Some things I love about twitter….

I've been on twitter since February 2007, although it took a while for me to get it. I even closed my account for a time, but restored it just before the six-month change-your-mind period ended. Twitter has introduced me to some amazing people, found me work, and helped me discover events and books that I might otherwise have missed. 

I always find it hard to explain exactly what I love about twitter. I'm not sure whether it's the protocol, the service, or the other users, but somehow I have gathered a timeline of people that are always interesting and friendly. For me, there is no obvious separation between twitter and the 'real world' – the two fuse together in fascinating ways.

Here are some specific things I love about twitter:

  • One of the problems with small-talk in the real world is that it requires you to stand next to someone. Often there is not time to build friendships and relationships before you both wander off. The almost-passive communication of Twitter means that small talk can continue for weeks or months, allowing relationships to develop slowly.
  • Twitter is not pointless chat, despite what some critics claim.

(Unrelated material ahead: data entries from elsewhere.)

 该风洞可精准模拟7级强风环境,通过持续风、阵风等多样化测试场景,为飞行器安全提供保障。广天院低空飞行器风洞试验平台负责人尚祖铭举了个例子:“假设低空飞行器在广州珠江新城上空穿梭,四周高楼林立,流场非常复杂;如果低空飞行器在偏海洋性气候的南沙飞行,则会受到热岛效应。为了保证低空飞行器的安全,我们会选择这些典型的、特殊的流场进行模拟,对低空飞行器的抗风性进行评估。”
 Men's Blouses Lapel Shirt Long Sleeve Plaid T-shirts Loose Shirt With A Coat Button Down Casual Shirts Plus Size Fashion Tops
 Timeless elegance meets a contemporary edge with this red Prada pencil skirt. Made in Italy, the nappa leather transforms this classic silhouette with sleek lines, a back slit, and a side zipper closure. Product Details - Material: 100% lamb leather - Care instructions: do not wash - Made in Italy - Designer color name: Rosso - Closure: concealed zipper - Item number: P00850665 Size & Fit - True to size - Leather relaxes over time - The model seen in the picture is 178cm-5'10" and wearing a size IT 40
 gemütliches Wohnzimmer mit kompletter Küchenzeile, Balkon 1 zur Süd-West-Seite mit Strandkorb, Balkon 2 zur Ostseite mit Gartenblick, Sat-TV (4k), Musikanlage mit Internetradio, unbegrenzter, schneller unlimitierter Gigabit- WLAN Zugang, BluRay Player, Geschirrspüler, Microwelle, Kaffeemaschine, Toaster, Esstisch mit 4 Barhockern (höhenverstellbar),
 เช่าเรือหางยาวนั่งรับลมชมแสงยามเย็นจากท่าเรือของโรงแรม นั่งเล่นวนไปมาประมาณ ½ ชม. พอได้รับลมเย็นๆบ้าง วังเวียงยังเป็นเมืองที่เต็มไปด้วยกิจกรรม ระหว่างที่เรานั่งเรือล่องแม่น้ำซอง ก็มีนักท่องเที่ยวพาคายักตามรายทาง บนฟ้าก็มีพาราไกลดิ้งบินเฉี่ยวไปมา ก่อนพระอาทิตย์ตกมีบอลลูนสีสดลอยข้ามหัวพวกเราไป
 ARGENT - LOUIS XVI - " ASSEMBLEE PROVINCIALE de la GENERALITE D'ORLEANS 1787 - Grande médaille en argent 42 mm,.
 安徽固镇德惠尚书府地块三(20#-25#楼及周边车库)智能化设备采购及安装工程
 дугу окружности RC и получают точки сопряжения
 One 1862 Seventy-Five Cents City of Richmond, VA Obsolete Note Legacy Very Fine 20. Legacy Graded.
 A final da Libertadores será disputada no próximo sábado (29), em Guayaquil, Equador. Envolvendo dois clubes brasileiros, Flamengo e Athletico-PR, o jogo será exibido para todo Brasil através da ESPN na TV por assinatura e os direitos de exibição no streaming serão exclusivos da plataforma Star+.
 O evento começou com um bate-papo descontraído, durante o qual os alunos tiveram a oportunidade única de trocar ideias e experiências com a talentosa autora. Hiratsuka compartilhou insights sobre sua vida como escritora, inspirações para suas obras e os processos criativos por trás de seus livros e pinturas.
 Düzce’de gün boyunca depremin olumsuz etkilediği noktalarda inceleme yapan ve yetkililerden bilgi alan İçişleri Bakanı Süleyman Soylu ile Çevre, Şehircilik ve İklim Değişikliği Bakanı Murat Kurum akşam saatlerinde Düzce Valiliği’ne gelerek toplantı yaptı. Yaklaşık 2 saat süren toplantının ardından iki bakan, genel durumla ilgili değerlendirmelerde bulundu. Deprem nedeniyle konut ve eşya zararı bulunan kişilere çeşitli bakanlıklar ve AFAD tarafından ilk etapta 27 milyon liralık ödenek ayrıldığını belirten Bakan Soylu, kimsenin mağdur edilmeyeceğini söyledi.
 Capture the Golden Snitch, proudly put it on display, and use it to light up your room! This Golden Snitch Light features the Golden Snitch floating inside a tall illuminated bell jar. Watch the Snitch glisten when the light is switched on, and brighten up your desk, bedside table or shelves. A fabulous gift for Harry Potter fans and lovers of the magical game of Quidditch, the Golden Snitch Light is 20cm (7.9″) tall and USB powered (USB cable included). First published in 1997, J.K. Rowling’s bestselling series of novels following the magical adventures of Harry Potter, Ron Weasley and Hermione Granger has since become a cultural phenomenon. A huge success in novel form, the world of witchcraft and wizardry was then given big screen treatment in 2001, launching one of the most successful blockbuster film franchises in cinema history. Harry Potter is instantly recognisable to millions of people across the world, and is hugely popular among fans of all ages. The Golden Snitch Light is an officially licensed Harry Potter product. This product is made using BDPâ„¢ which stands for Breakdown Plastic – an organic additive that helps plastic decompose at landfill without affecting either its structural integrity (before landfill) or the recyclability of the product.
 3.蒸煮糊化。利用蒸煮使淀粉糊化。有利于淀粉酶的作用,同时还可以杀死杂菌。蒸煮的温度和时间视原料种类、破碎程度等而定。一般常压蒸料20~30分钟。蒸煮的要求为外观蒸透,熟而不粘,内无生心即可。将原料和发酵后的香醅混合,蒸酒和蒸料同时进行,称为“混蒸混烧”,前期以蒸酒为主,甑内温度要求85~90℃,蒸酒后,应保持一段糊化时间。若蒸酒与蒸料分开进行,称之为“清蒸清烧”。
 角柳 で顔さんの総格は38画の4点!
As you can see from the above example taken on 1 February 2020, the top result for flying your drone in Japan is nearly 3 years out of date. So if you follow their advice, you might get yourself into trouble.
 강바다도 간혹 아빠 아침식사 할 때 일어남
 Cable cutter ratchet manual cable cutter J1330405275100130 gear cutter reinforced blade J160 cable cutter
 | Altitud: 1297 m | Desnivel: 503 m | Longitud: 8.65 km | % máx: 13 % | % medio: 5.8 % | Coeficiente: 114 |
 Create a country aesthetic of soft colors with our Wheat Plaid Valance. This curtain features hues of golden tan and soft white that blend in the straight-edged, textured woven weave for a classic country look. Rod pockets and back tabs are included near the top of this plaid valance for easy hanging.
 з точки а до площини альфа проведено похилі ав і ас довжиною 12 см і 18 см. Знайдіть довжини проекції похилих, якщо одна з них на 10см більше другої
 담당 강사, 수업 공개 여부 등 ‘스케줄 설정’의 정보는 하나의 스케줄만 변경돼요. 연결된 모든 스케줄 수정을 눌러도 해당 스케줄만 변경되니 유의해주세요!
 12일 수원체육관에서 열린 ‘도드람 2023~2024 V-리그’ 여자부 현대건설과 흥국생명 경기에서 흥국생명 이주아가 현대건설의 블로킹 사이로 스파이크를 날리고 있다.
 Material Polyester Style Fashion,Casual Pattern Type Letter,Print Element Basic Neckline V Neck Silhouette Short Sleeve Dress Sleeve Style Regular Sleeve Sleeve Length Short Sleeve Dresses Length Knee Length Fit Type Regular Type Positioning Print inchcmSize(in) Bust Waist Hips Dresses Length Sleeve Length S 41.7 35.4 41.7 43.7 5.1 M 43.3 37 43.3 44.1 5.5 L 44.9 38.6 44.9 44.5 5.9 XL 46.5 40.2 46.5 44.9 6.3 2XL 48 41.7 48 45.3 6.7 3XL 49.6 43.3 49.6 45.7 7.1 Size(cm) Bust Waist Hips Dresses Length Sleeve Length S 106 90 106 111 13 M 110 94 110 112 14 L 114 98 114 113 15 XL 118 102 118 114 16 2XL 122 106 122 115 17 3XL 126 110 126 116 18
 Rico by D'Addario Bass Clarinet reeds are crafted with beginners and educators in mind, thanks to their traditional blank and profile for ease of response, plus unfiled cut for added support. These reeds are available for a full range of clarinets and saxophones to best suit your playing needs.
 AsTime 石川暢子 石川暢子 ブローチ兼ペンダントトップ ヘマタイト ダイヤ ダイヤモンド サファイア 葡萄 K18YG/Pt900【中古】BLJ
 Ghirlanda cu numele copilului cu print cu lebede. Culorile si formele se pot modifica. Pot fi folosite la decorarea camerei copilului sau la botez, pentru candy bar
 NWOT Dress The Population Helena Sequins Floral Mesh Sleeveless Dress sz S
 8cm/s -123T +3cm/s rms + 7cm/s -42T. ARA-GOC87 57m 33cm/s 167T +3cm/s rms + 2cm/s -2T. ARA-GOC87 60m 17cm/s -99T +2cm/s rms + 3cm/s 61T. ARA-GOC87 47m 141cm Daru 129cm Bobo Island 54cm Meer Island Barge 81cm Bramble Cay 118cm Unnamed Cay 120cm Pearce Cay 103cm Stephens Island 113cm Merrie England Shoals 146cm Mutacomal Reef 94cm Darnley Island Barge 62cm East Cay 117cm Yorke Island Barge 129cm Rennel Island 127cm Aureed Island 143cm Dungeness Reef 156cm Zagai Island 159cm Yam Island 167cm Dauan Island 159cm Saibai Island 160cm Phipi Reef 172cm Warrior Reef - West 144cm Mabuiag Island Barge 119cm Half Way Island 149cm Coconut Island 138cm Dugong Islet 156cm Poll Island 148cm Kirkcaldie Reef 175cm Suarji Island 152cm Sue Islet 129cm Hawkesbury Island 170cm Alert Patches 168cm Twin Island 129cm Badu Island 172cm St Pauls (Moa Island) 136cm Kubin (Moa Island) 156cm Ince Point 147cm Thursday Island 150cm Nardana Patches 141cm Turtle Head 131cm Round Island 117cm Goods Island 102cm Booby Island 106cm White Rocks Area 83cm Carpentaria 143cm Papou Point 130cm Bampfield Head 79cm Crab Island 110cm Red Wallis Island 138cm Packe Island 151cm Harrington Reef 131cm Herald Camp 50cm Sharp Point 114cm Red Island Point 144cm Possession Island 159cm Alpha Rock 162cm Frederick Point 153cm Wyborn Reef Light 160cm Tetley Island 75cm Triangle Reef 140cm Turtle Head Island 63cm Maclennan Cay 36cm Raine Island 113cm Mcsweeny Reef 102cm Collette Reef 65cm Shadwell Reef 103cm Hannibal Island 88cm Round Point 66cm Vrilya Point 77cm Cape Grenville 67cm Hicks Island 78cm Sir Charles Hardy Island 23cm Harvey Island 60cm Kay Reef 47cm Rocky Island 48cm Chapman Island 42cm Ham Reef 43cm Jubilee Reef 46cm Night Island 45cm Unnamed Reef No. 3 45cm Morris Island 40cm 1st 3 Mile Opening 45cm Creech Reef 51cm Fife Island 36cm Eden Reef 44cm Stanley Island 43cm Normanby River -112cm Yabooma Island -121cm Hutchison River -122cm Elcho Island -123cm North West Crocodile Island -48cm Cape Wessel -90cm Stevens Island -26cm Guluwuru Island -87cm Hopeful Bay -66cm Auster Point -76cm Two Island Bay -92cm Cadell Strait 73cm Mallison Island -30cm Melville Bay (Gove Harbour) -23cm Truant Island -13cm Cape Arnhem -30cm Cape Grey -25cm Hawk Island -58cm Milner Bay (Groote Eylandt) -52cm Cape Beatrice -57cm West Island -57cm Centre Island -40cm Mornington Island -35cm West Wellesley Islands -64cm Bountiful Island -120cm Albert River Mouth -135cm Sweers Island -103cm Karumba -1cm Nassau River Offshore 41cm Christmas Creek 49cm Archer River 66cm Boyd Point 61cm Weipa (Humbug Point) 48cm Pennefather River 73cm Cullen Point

It is a great example of phatic communication, but without the need to be in the same geographical location as the people you're communicating with.
  • I love the latency of twitter. It works well with a mixture of occasional posters and regular posters, even with people disappearing for a few days then coming back – a little like persistent IRC, perhaps. 
  • Hannah Donovan gave a talk on improvisation at dConstruct 2010 which used the banter on twitter as an example of improvisation. There are definite 'rules' to Twitter banter, but they are all implicit. They also seem very localised to specific groups.
  • Something Tom has pointed out is the power of constraints. The 140-character limit often produces something close to haiku, or at least close to the variations invented by Ginsberg/Kerouac. 140 characters forces people to be precise in describing images – the #foundwhilewalking tag often provides good examples of this.